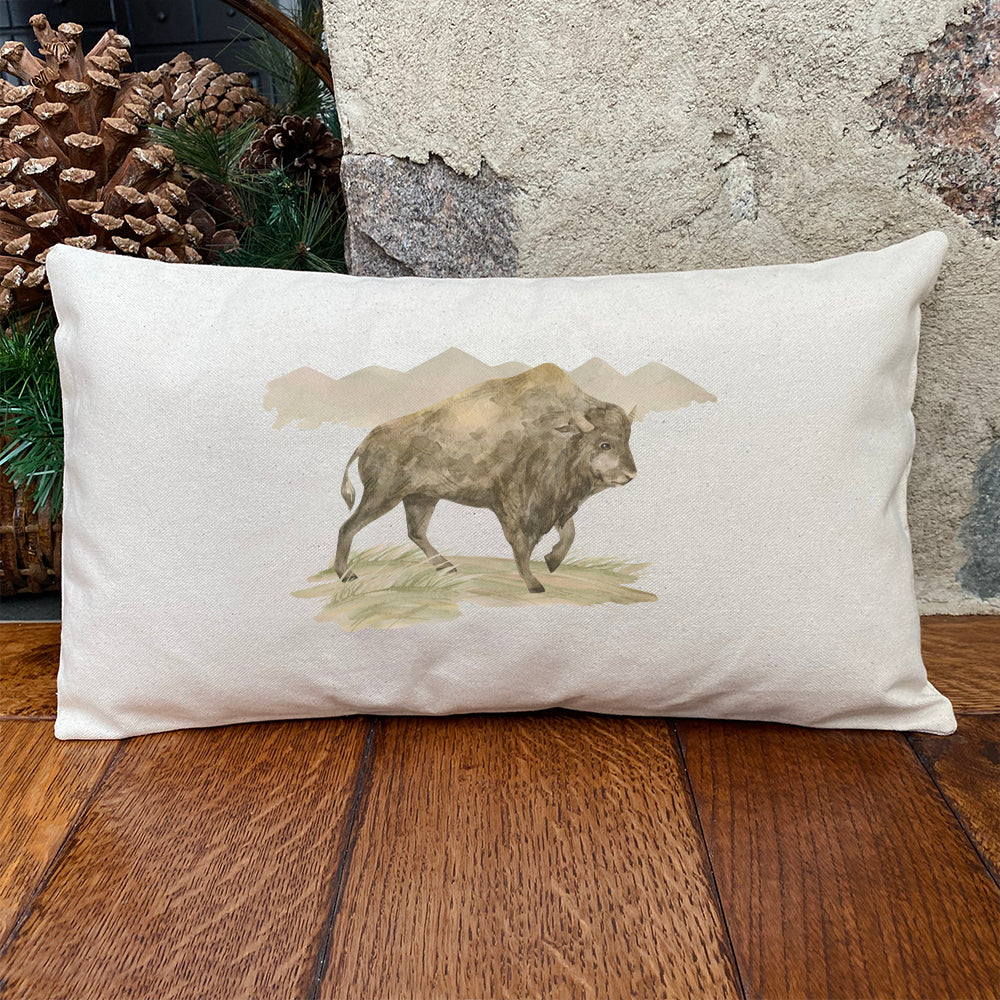Watercolor Bison Scene - Rectangular Canvas Pillow
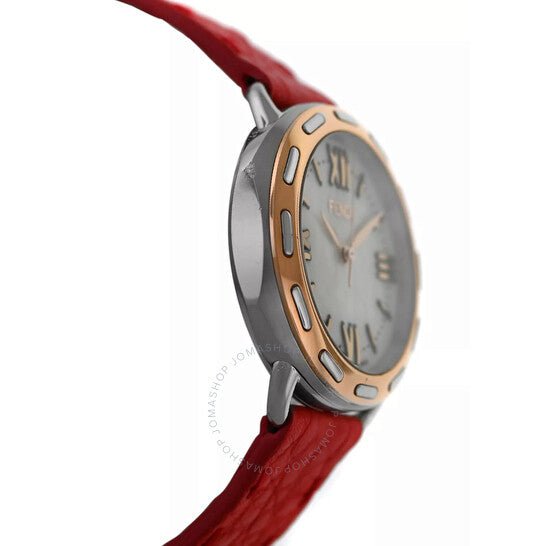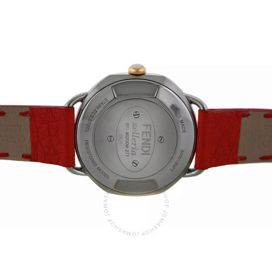 علبة فضية اللون من الفولاذ المقاوم للصدأ مع سوار جلدي أحمر. إطار ثابت من الفولاذ المقاوم للصدأ بلون ذهبي وردي. ميناء أبيض بعقارب بلون ذهبي وردي وأرقام رومانية وعلامات ساعات. علامات دقائق حول الحافة الخارجية. نوع الميناء: تناظري. حركة كوارتز. غطاء خلفي صلب. شكل دائري، مقاس العلبة: 36 مم. مشبك بإبزيم. مقاومة للماء حتى عمق 50 مترًا / 165 قدمًا. الوظائف: الساعات، الدقائق، الثواني. سلسلة سيليريا. تصميم ساعة فاخرة. علامة الساعة: صناعة سويسرية. ساعة فندي سيليريا كوارتز نسائية بمينا بيضاء F8302345H0.
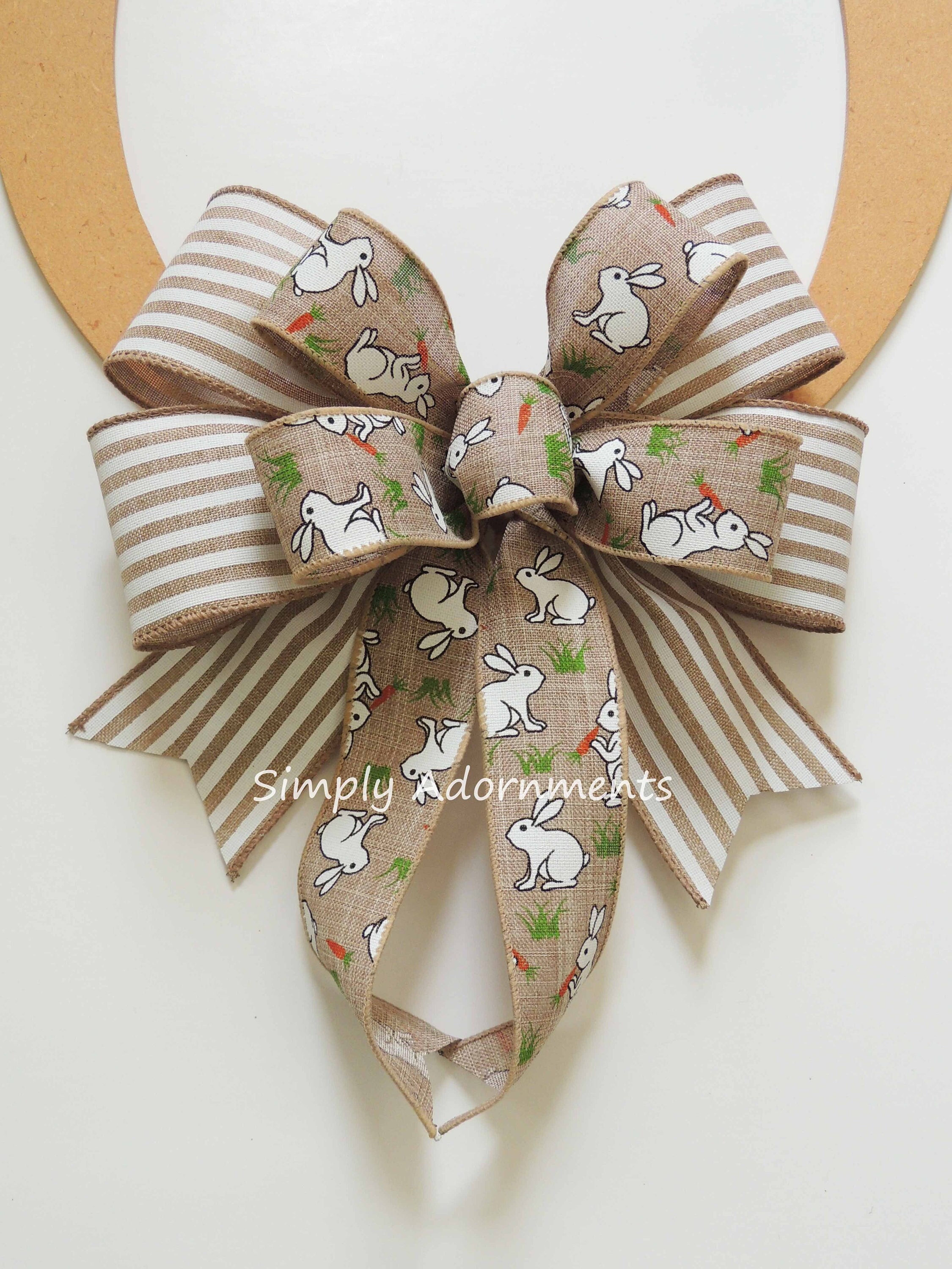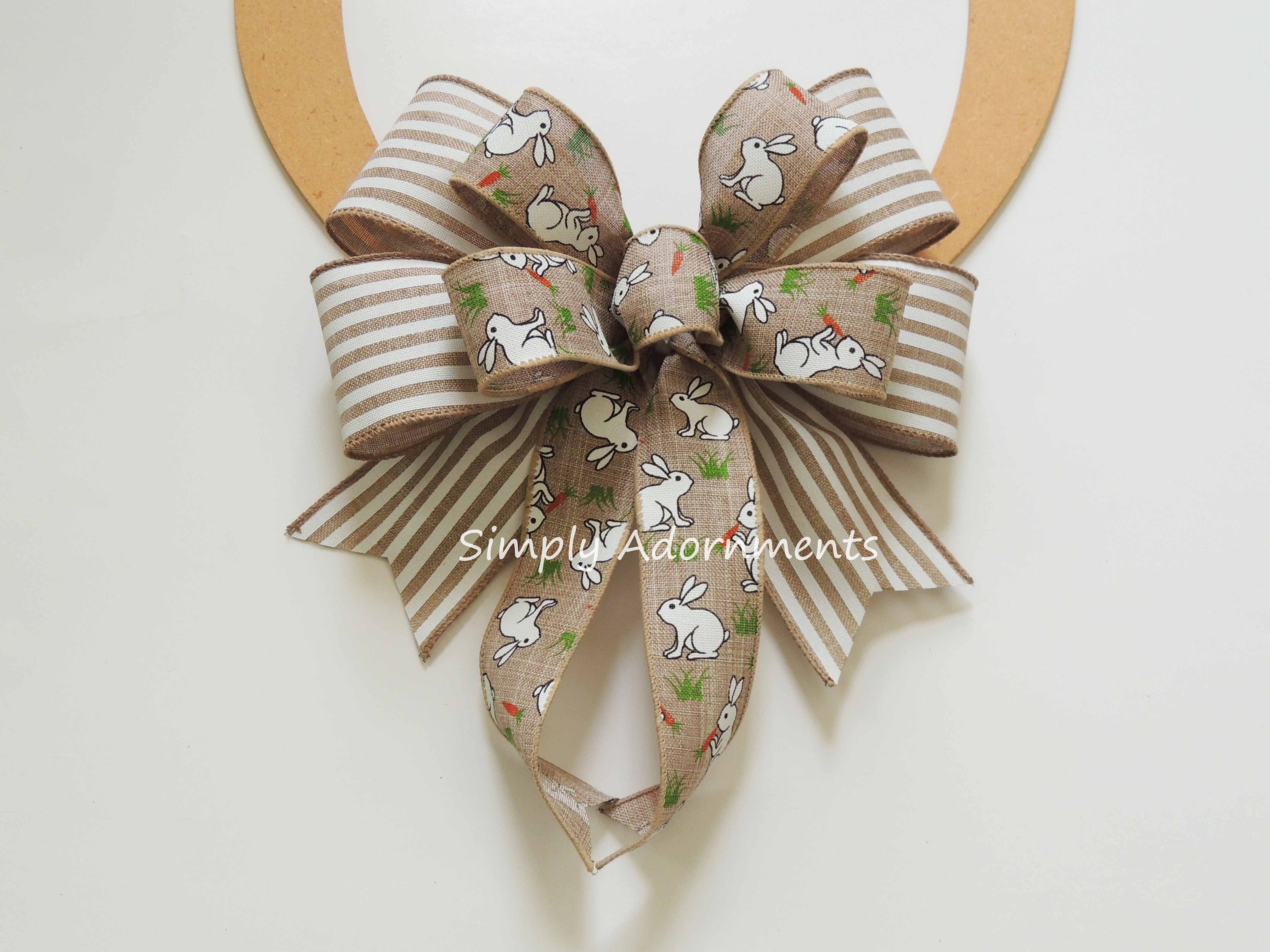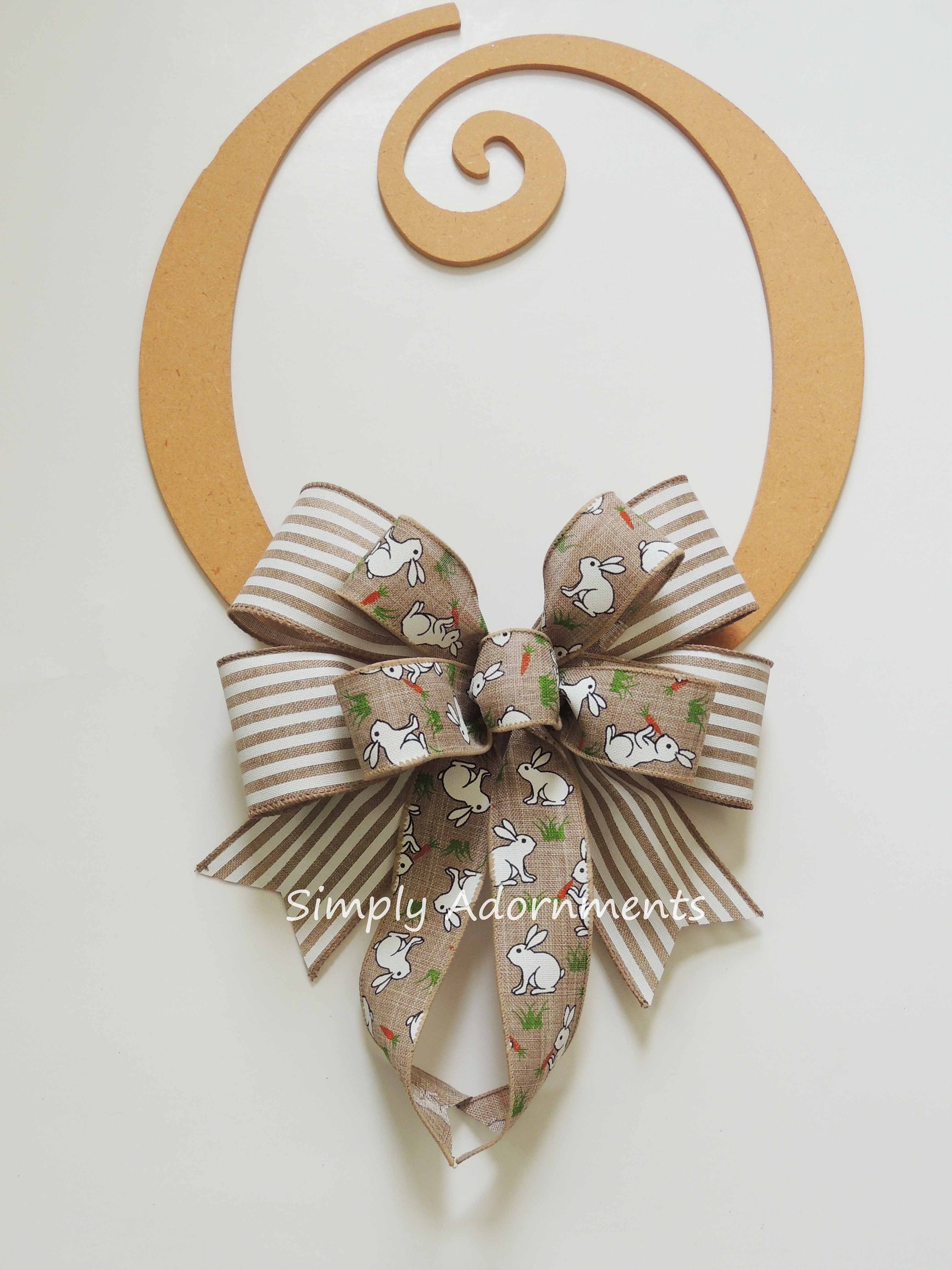Farmhouse Easter Bow, Farmhouse Tan white Bow, Tan White Bunny Bow, Farmhouse Easter Sign Bow, Neutral color wreath Bow, Farmhouse Door Bow

● EXERCISE DESCRIPTION
Print each line of the material above exactly, with the pictures removed from your copy.

● ANSWER
Watercolor Bison Scene - Rectangular Canvas Pillow
 علبة فضية اللون من الفولاذ المقاوم للصدأ مع سوار جلدي أحمر. إطار ثابت من الفولاذ المقاوم للصدأ بلون ذهبي وردي. ميناء أبيض بعقارب بلون ذهبي وردي وأرقام رومانية وعلامات ساعات. علامات دقائق حول الحافة الخارجية. نوع الميناء: تناظري. حركة كوارتز. غطاء خلفي صلب. شكل دائري، مقاس العلبة: 36 مم. مشبك بإبزيم. مقاومة للماء حتى عمق 50 مترًا / 165 قدمًا. الوظائف: الساعات، الدقائق، الثواني. سلسلة سيليريا. تصميم ساعة فاخرة. علامة الساعة: صناعة سويسرية. ساعة فندي سيليريا كوارتز نسائية بمينا بيضاء F8302345H0.
Farmhouse Easter Bow, Farmhouse Tan white Bow, Tan White Bunny Bow, Farmhouse Easter Sign Bow, Neutral color wreath Bow, Farmhouse Door Bow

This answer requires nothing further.